Evelyn Pine (evy) Wed 7 Jan 15 21:19
Yep. I meant, SARAH. And, yep, I meant "change" -- I know a lot of women and I don't think they're any worse than men, IMHO.
(fom) Wed 7 Jan 15 21:55
>When you say shifting more money and power to women would make a change, I assume you mean a change for the better? They say that power corrupts - are women incorruptible? Our would we be shifting the corruption, as well? Just had to see that again. I mean, seriously!? You seem to be saying: Don't rock the boat by letting women have any power because maybe women might not be perfect! Keep them in their place or else things might get worse! God forbid women should even be mentioned in this topic, I get that part, but still.
(fom) Wed 7 Jan 15 22:55
And also, will no one answer Paulina's question (#37)? Or are we not supposed to ask questions here?
Bruce Sterling (bruces) Thu 8 Jan 15 01:12
Well, @loris Paulina, figuring out what possible toxins might flow into an "open source house of the future" is quite an interesting tangle of issues. I'm pretty sure there's a book in it. I wrote a design-critic pamphlet last year, called "The Epic Struggle of the Internet of Things," but that was just an ideological warm-up. First, "Casa Jasmina" is a hack lab. We've got sponsors because they want to see what we can do with it. Since it's an Arduino co-project with Toolbox (the local Turinese design co-working space), our area of central interest is basically Italian home automation. Yesterday's home automation systems are turning into tomorrow's Internet-of-Things Home, with its wireless broadband, data protocols, battery-powered gizmos on the walls and ceilings, screen prompts, chirpy thermostats, creepy vidcams over the toilet, all that.

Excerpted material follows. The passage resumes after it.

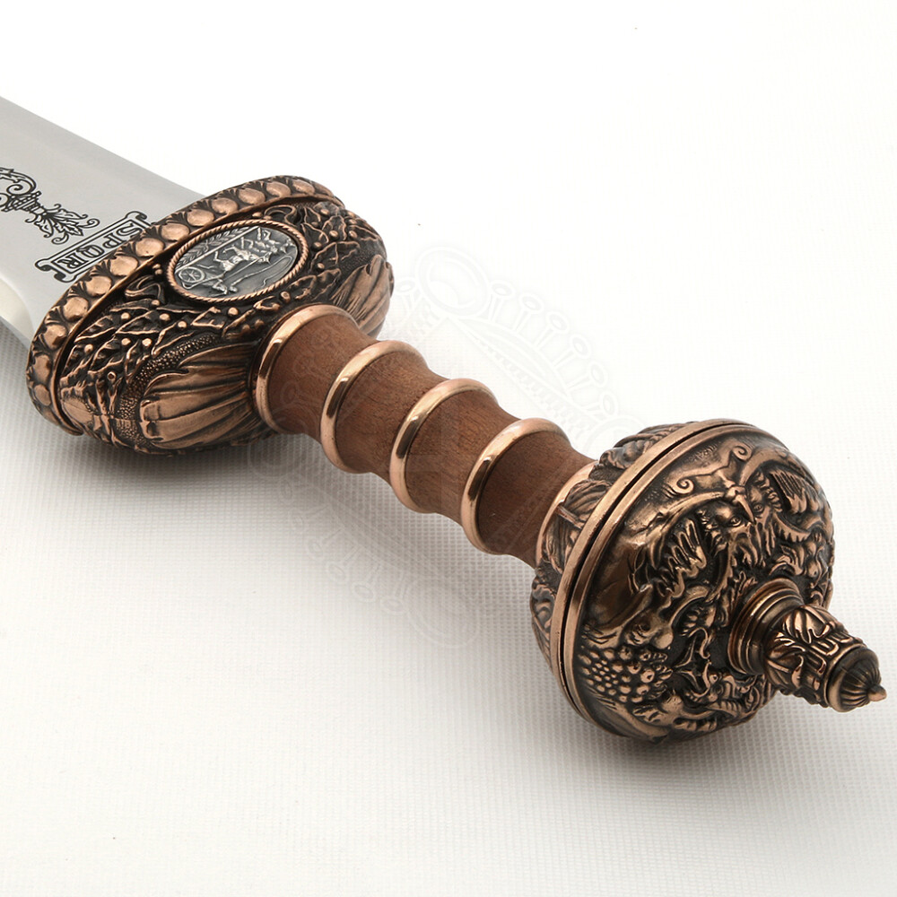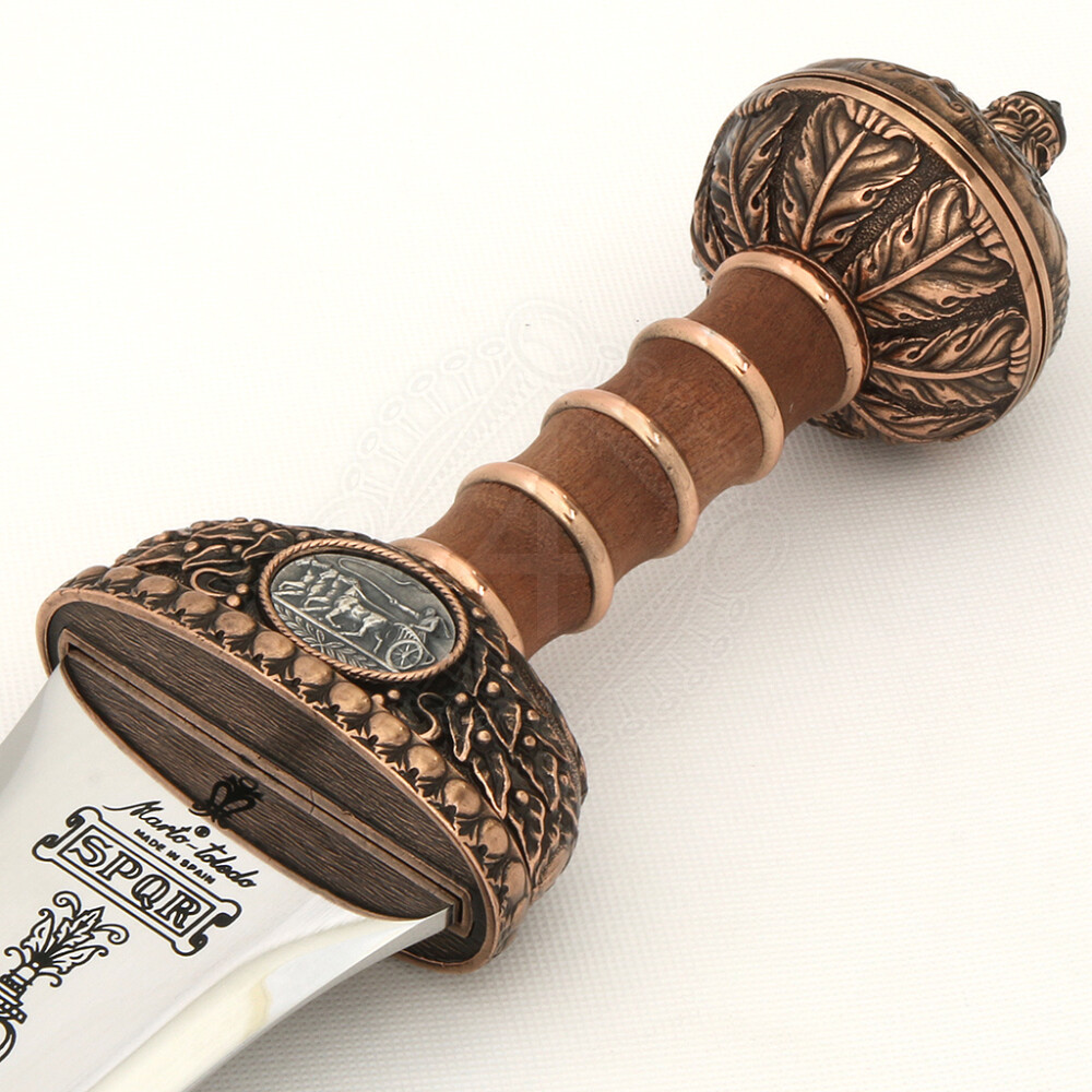 Jílec je skutečným uměleckým dílem. Záštita a hlavice jsou odlity ze slitiny Zamak s povrchovou úpravou v odstínu starého bronzu a mědi. Na záštitě nalezneš detailní medailon vyobrazující římský válečný vůz, zatímco zbytek kování zdobí reliéfy listoví a orlů. Rukojeť je anatomicky tvarovaná a prokládaná segmenty z pravého tvrdého dřeva, což zajišťuje nejen autentický vzhled, ale i příjemný úchop.

We ourselves don't know what we'll do. If we knew the outcome, it wouldn't be research. Second, it will be a Turinese guest apartment, because Arduino, the Fab Lab, and Toolbox Co-Working rather need one so as to briefly house passing celebrities, allies, clients, whomever. We must try hard not to electrocute the guests, choke them with off-gassed toxins, maim them with over-elaborate 3DPrinted plastic folding-chairs, set fire to them while they sleep, and so many other lively possibilities There are some basic hotelier safety-and-comfort issues here. Third, it's a showplace. It's a public demonstration project. The Maker scene is quite lively in Italy because of Italy's long traditions of small-scale craft production. Arduino is open-source electronic craft production outfit which is global in some ways, but also very "Make in Italy." We're trying to figure out what regional Italian digital craft manufacturing looks like in the near future. It makes sense to do it locally because Torino is Italy's most industrial city. There's heaps of "Make in Italy," and like any creative effusion it varies in quality. Somebody has to curate it. Somebody has to figure out what's "best," and what "best" means. So, that's me. That is my basic role in the effort. I'm the Curator. I don't design stuff, I don't build stuff, I'm not a Maker, least of all do I make furniture But I am pretty much always the oldest guy in the room nowadays, when it comes to innovative efforts of this kind. I've always been a critic. The house of the future's arriving, day by day. So what's good about it and what's not so good about it?